Moving over to the admin side of the fence highlighted my ignorance for me. I suddenly had to deal with autogrowth settings run amok, file groups with an astonishing number of files in them, file groups with one file that had grown to many gigabytes, multiple transaction logs, files that didn’t seem to be used by anything, disk space running out, and so on. It’s been a challenge to get a handle on all this, and it’s most assuredly a work in progress, but at least it’s progress.

File groups represent the top level of the storage tree. They are logical constructs, a way to group the physical files that actually house the data. Every database has at least one file group, PRIMARY, by default. Many times, PRIMARY is the only file group, and everything gets dumped there. This isn’t necessarily a bad thing, but there seems to be a consensus in the SQL Server community that PRIMARY should be reserved for system objects, and additional file groups created to house the user objects. The PRIMARY file group is also the default file group, meaning that if another file group isn’t specified as part of the CREATE statement, the object will be placed on the default. You can (and likely should) specify a secondary file group as the default, to be certain that nothing but system objects reside on PRIMARY. There is a limit to the number of file groups that can be created: 32,767: but I can’t imagine anyone coming close to that number, so for all intents and purposes, you can have as many as you want or need.

Each file group, to be useful, needs at least one file in it. How many files is optimum? Things get a little fuzzy for me here. Too few can cause poor performance; so can too many. At this point, a short foray into how SQL Server uses files is necessary.

Files in a file group are used in a “round-robin” fashion, with each file receiving a share of the data. How much of a share a file receives is governed by proportional fill, so that files with larger amounts of free space receive comparably larger amounts of data. Ideally, all the files would be very close to the same size, with close to the same amount of free space, so that incoming data would be evenly and quickly distributed.

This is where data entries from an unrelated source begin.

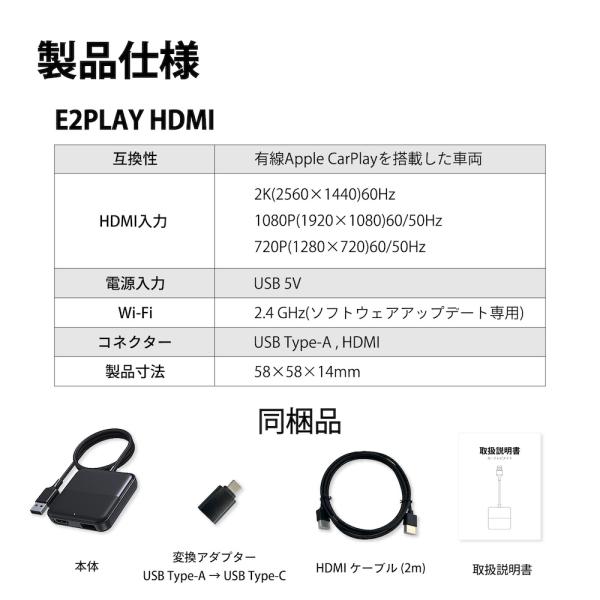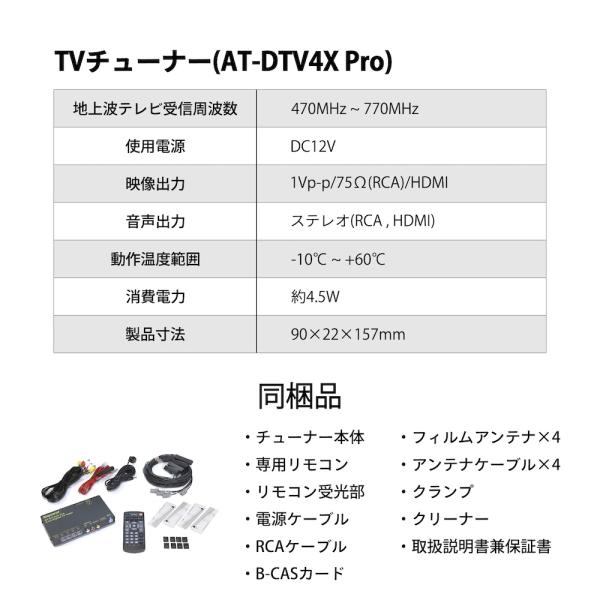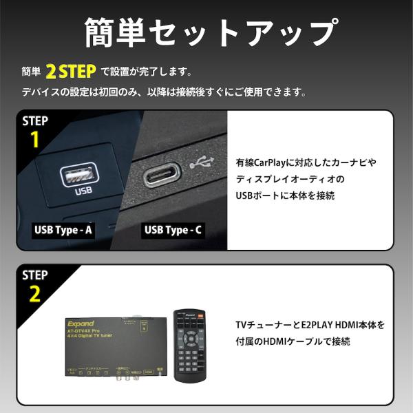 有線 CarPlay HDMI アダプター 地デジ TVチューナー セット (車載 モニター カーナビ テレビ HDMI接続 a/tack AT-DTV4XPro) TVチューナー後付け E2PLAY HDMI
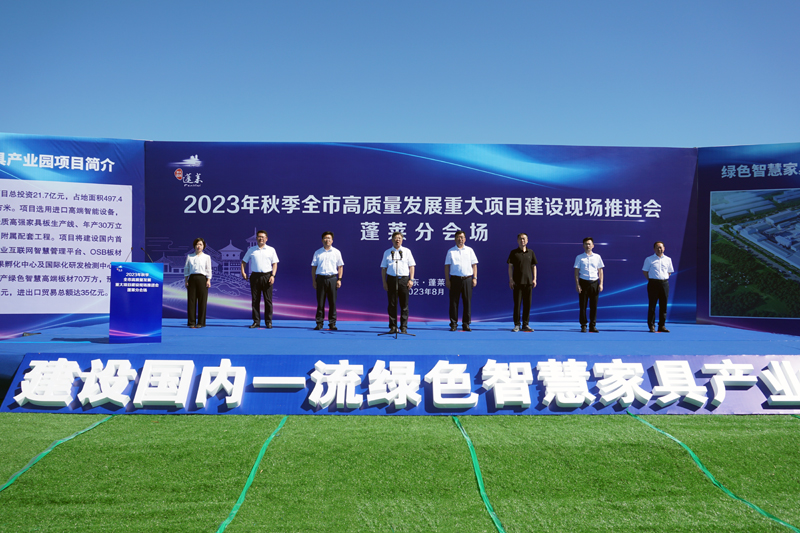 以高質(zhì)量項(xiàng)目建設(shè)推動高質(zhì)量發(fā)展。8月23日,煙臺舉行全市高質(zhì)量發(fā)展重大項(xiàng)目建設(shè)現(xiàn)場推進(jìn)會。在蓬萊分會場,智慧綠色高端家具板材二期項(xiàng)目舉行開工儀式。蓬萊區(qū)委書記林鈺濤、區(qū)長王長港及區(qū)委區(qū)政府領(lǐng)導(dǎo)班子其他成員出席推進(jìn)會,煙臺財(cái)金集團(tuán)董事長田序潤及新能智慧產(chǎn)業(yè)園全體員工共同參加活動。
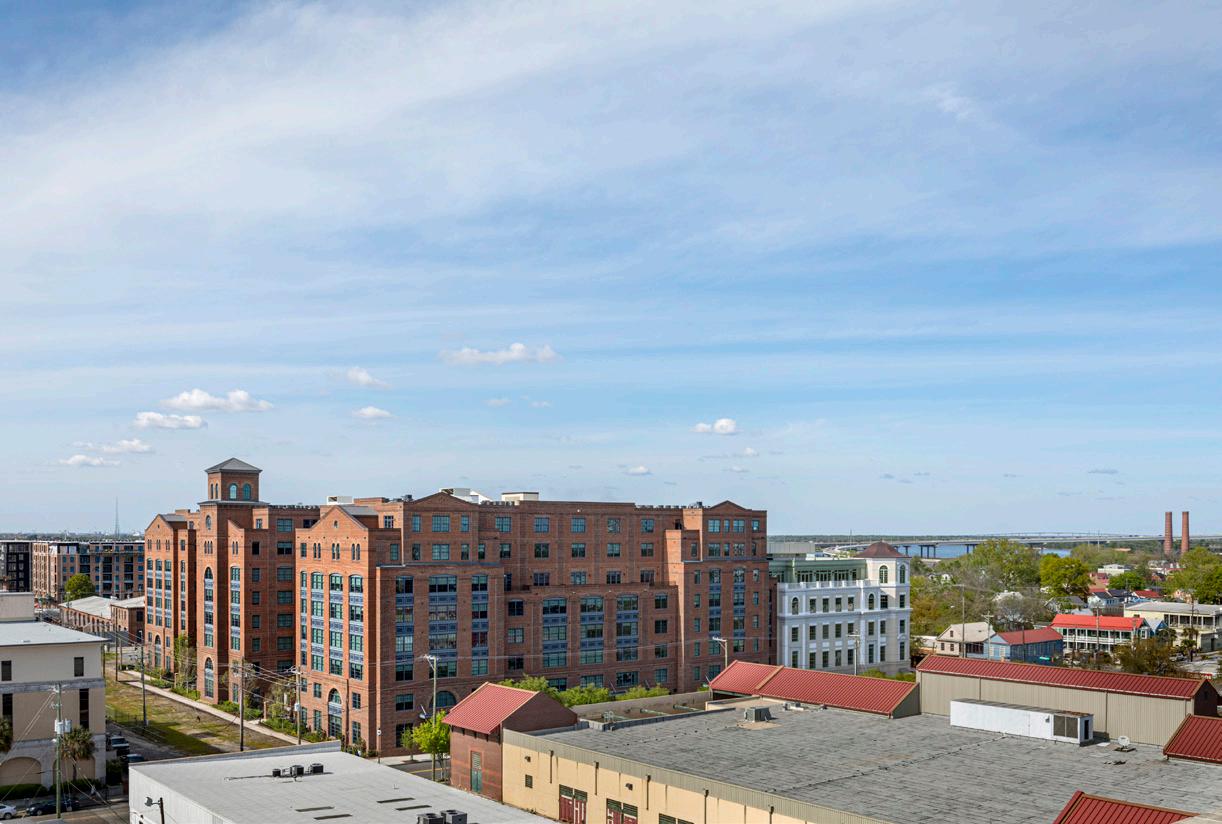 This urban mixed-use project on the Charleston’s historic peninsula consists of office, restaurant, retail, and residential components all wrapping a central shared parking structure. The 69,000 SF, five-story office building anchors the corner of Meeting and Columbus Streets, and features 19,000 SF of street level retail and restaurant space fronting Meeting Street and three floors and a penthouse of office space above. The 228 unit apartment building extends to an existing rail line which will be converted into a pedestrian greenway. Above the concealed 624-space parking structure, a rooftop and pool terrace overlook the Charleston Harbor, the Cooper River Bridge, and Mt. Pleasant in the distance.
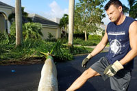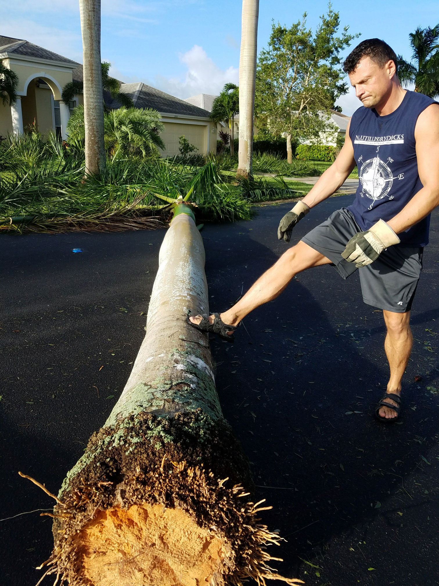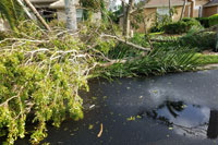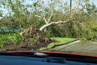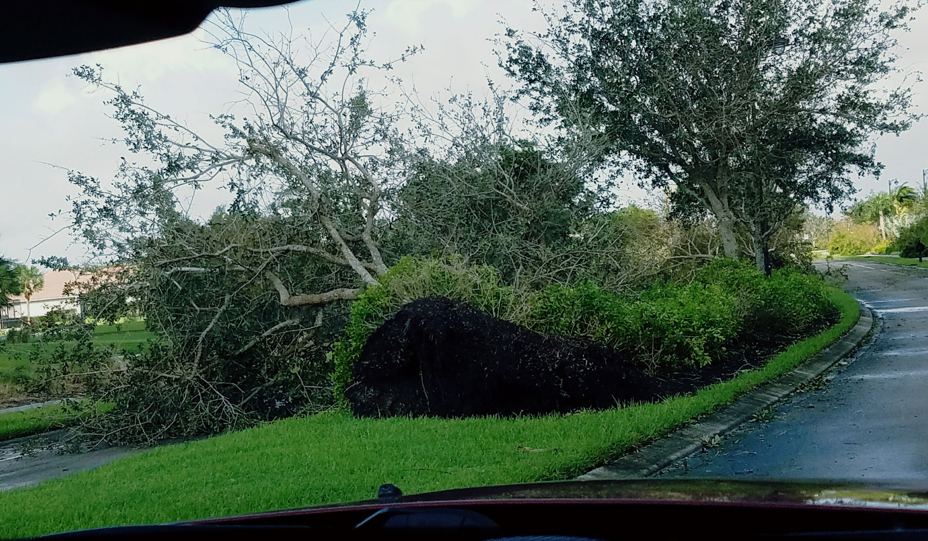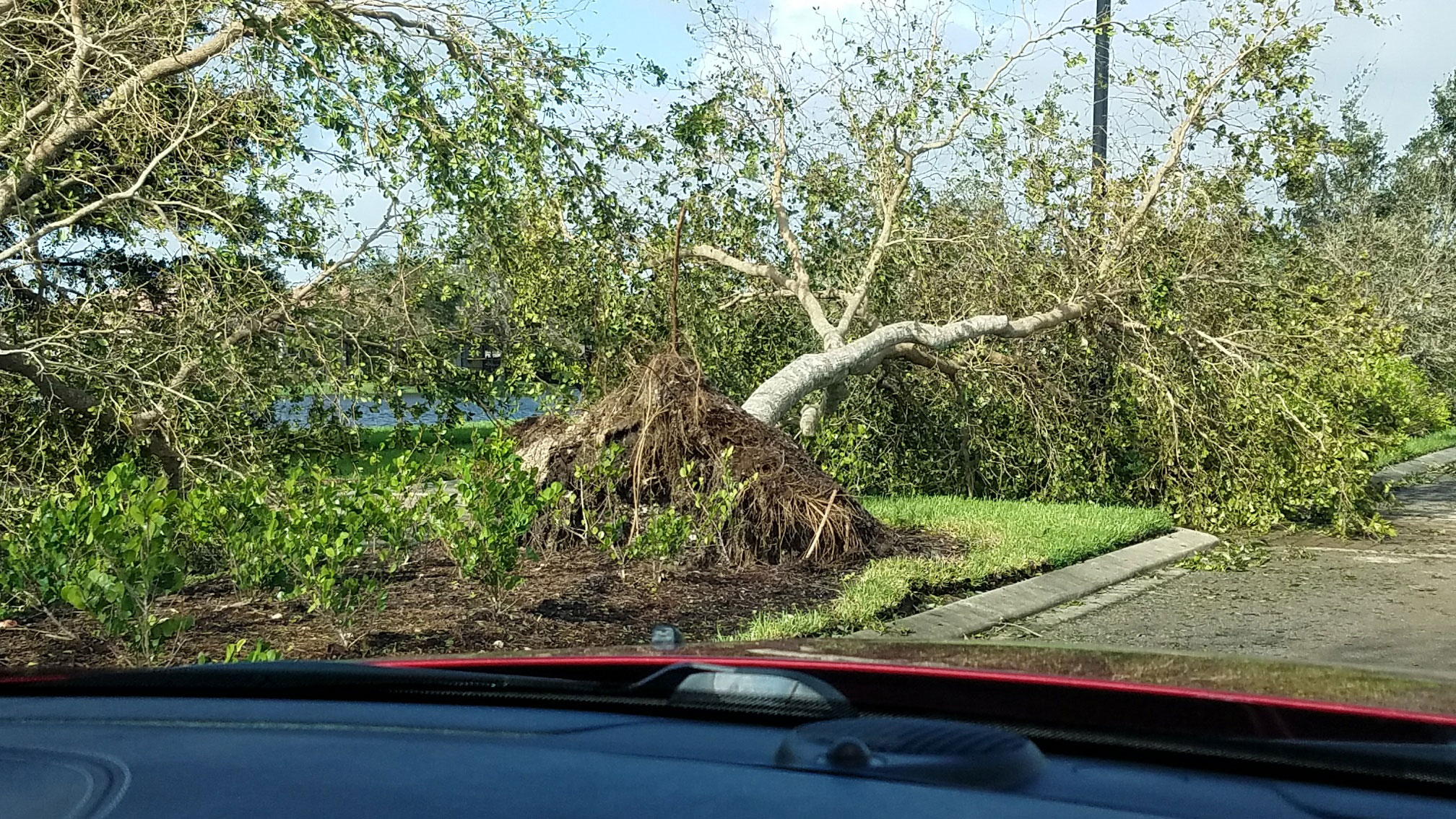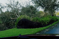 Just when we thought that the house would not be able to get any worse, we entered the eye of the storm and a complete and utter calm descended on us. Light streamed from above, the birds came out and the air was filled with the strong scent of the ocean. We managed to get out and take a look at the damage, which was significant. Trees were shattered and strewn about the neighborhood. Pool cages and fencing were shredded and mangled. Clay roof tiles were smashed by debris or physically torn free by the wind. We had a brief respite of about an hour while the eye slowly passed us by.
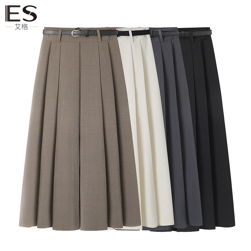 Etam艾格ES黑色百褶半身裙女春2024新款褶皱高腰a字显瘦西装长裙
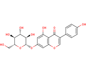 DescriptionGenistin is a selective estrogen receptor modulator (SERM) found in soy. It is the less active glycoside analog of genistein. It acts as a phytoestrogen, induces cell cycle arrest and apoptosis in ovarian cancer cells, improves bone density and strength, and decreases myosin light chain kinase levels.
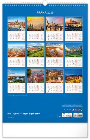 Kalendář nástěnný Praha 2026, 33 x 46 cm / PGN-35725-L
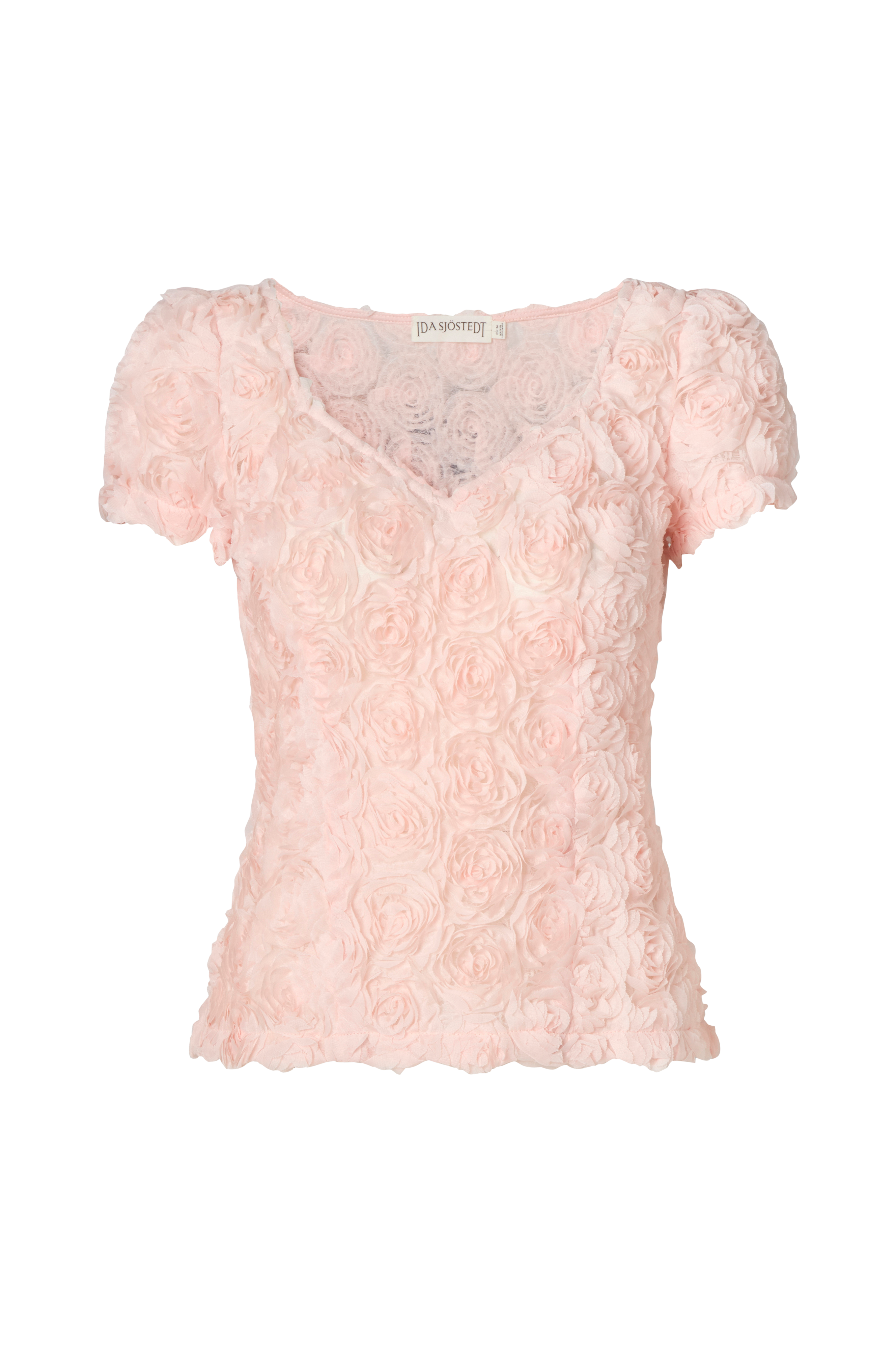 • Figurformede top med blomsterapplikationer hele vejen rundt• Hjerteformet halsudskæring• Korte ærmer

So: how many files, then? As always, the answer is, “It depends.” One file might be fine for slow growth groups such as domain values; larger, busier groups should likely have more. “Eight” seems to be a bit of a magic number for many, or a number based on NUMA cores in one fashion or another. There are many opinions on the subject out there in SQL land, and I’m still sorting through them.

What seems certain to me is that only one file group with only one file is not a good idea, at least not for any database of any size over a few megabytes. I’m presently wrestling with how to farm out 800GB worth of data from a single MDF file, a condition found in two of my databases. Another problem I’m faced with is file groups – usually PRIMARY – with very large numbers of files: I’ve got one database with 37 files on PRIMARY, all of varying sizes. I’m thinking that round-robin distribution and proportional fill mean SQL Server is using these files inefficiently, and I’ll need more file groups with fewer files to even things out.

As I mentioned at the start, this is new territory for me, and I’m learning as I go. What about you, reader? I’d enjoy hearing from other DBA’s about their storage trials and travails, what worked and what didn’t. This is the first of I don’t know how many parts, and in the future I’ll be writing about my progress – or the lack thereof – in understanding and making the most of SQL Server storage.